[THE PROBLEM]: All of the data below must be reproduced word for word, but without its images.

[SUPPLIED MATERIAL]:
--*--
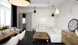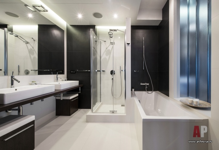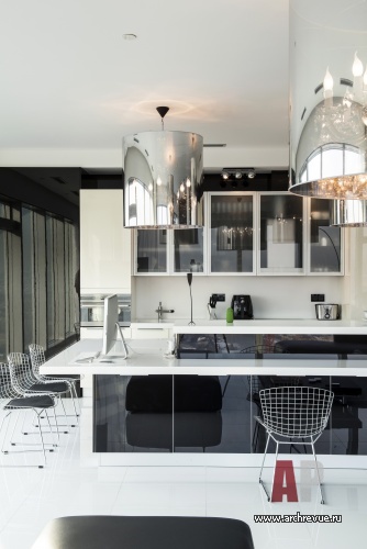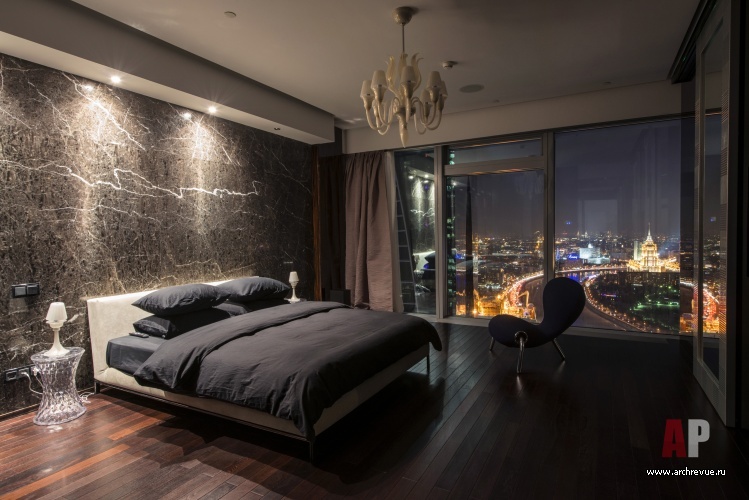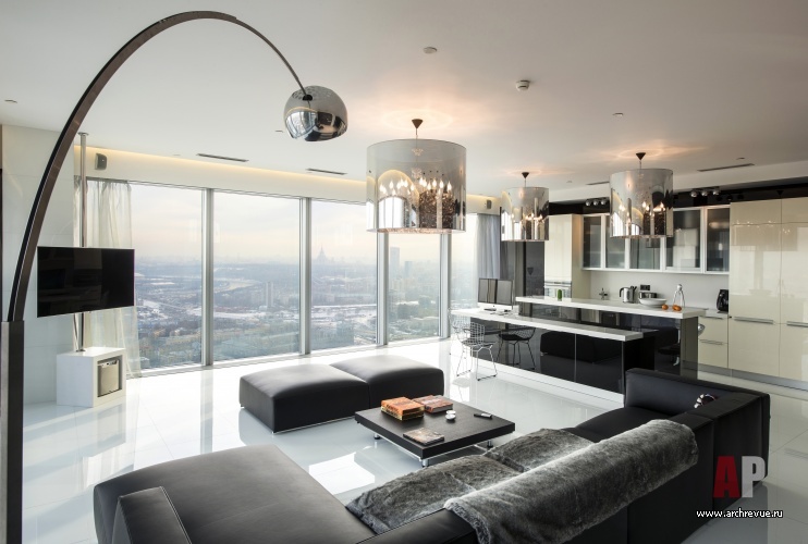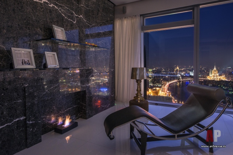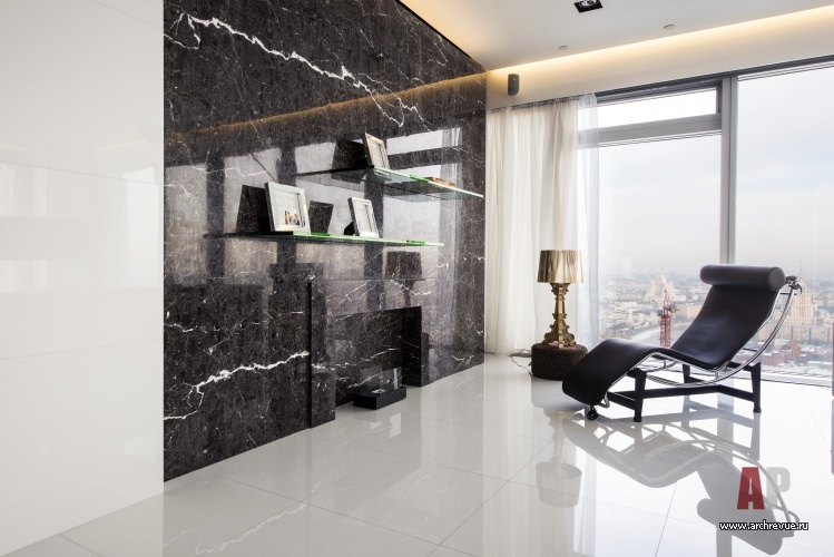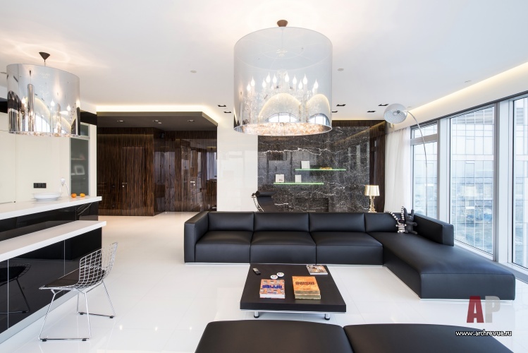 Современный интерьер строится на контрастах материалов и цветов, фактур и форм. Архитектор оперирует большими плоскостями и заливками, лепит объем, достигая эффекта монолитной композиции. Белый глянец (в отделке пола, фасада кухни), черные акценты мягкой мебели, облицовка стен натуральным мрамором (в зоне камина и за изголовьем кровати), панелирование из палисандра с рояльным лаком – таковы основные декоративные приемы. Природные фактуры и крупномасштабные элементы дают ощущение стабильности и защищенности и еще больше подчеркивают переменчивость городского ландшафта, являющегося неотъемлемой частью этого панорамного интерьера.
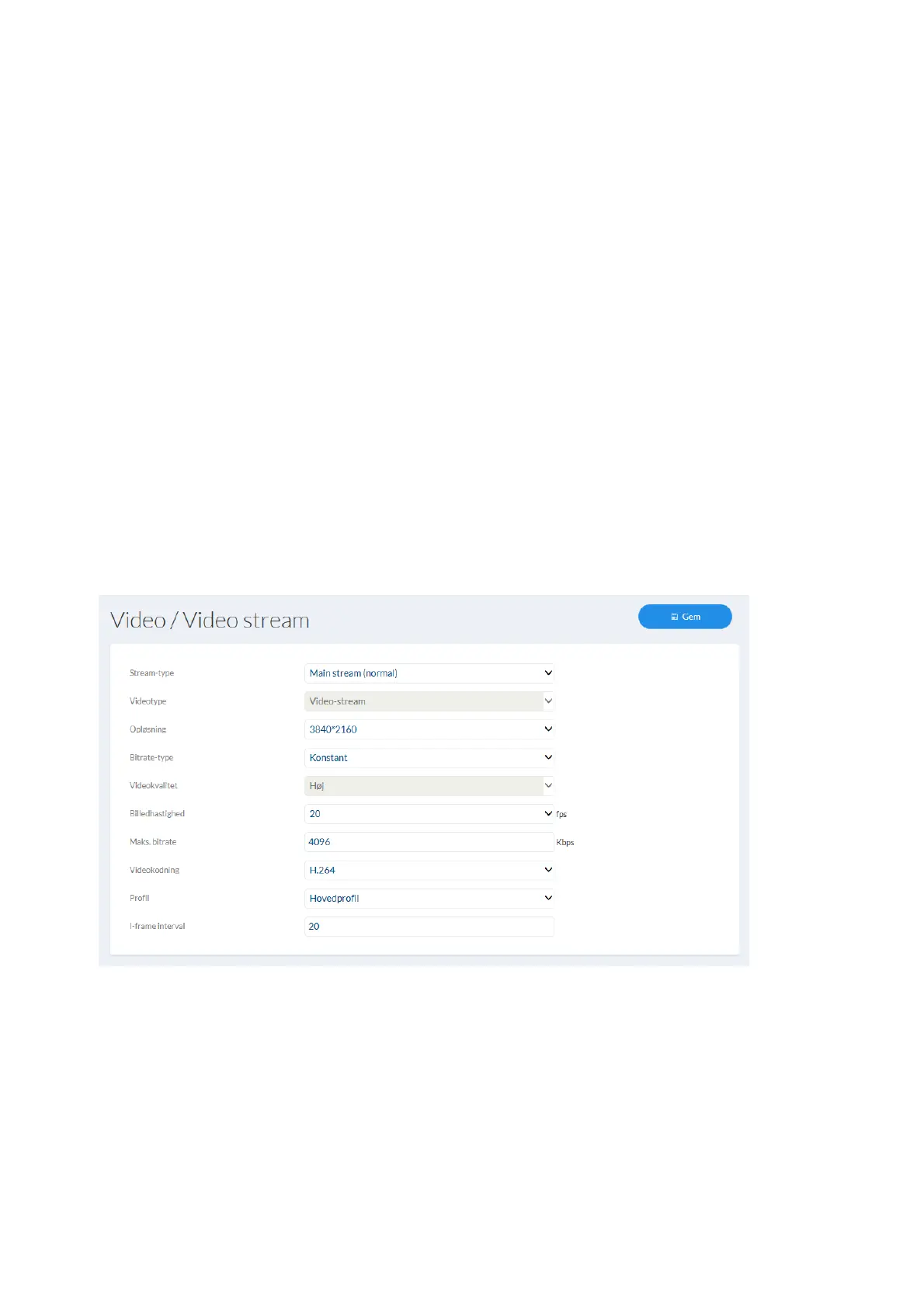 Stream: Vælg 1., 2. eller 3. videostream til konfiguration (stream 3 kun ved
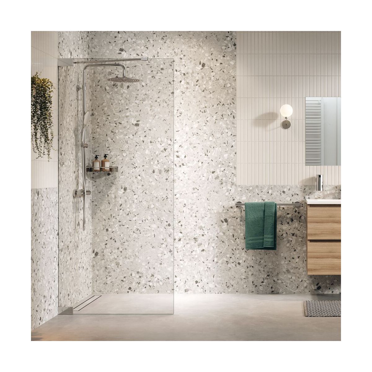 Añada un plus de confort a su cuarto de baño con la mampara de ducha Pure de Sealskin. Con una anchura de 98 cm y una altura de 200 cm, esta mampara de ducha ofrece la máxima claridad y detalles refinados. Las fijaciones de acero inoxidable de alta calidad garantizan una conexión plana con el cristal de seguridad de 8 mm de grosor con revestimiento antical. Esto mantiene el cristal limpio y facilita su limpieza después del baño. ¿Quién no querría eso? La mampara de ducha dispone de una barra estabilizadora que puede montarse en cualquier ángulo o perpendicular al cristal. La sección central de aluminio también puede acortarse fácilmente. La barra estabilizadora y las abrazaderas del cristal tienen un acabado cromado de alto brillo atemporal.
--*--
[ANSWER SPACE]:
 Современный интерьер строится на контрастах материалов и цветов, фактур и форм. Архитектор оперирует большими плоскостями и заливками, лепит объем, достигая эффекта монолитной композиции. Белый глянец (в отделке пола, фасада кухни), черные акценты мягкой мебели, облицовка стен натуральным мрамором (в зоне камина и за изголовьем кровати), панелирование из палисандра с рояльным лаком – таковы основные декоративные приемы. Природные фактуры и крупномасштабные элементы дают ощущение стабильности и защищенности и еще больше подчеркивают переменчивость городского ландшафта, являющегося неотъемлемой частью этого панорамного интерьера.
 Stream: Vælg 1., 2. eller 3. videostream til konfiguration (stream 3 kun ved
 Añada un plus de confort a su cuarto de baño con la mampara de ducha Pure de Sealskin. Con una anchura de 98 cm y una altura de 200 cm, esta mampara de ducha ofrece la máxima claridad y detalles refinados. Las fijaciones de acero inoxidable de alta calidad garantizan una conexión plana con el cristal de seguridad de 8 mm de grosor con revestimiento antical. Esto mantiene el cristal limpio y facilita su limpieza después del baño. ¿Quién no querría eso? La mampara de ducha dispone de una barra estabilizadora que puede montarse en cualquier ángulo o perpendicular al cristal. La sección central de aluminio también puede acortarse fácilmente. La barra estabilizadora y las abrazaderas del cristal tienen un acabado cromado de alto brillo atemporal.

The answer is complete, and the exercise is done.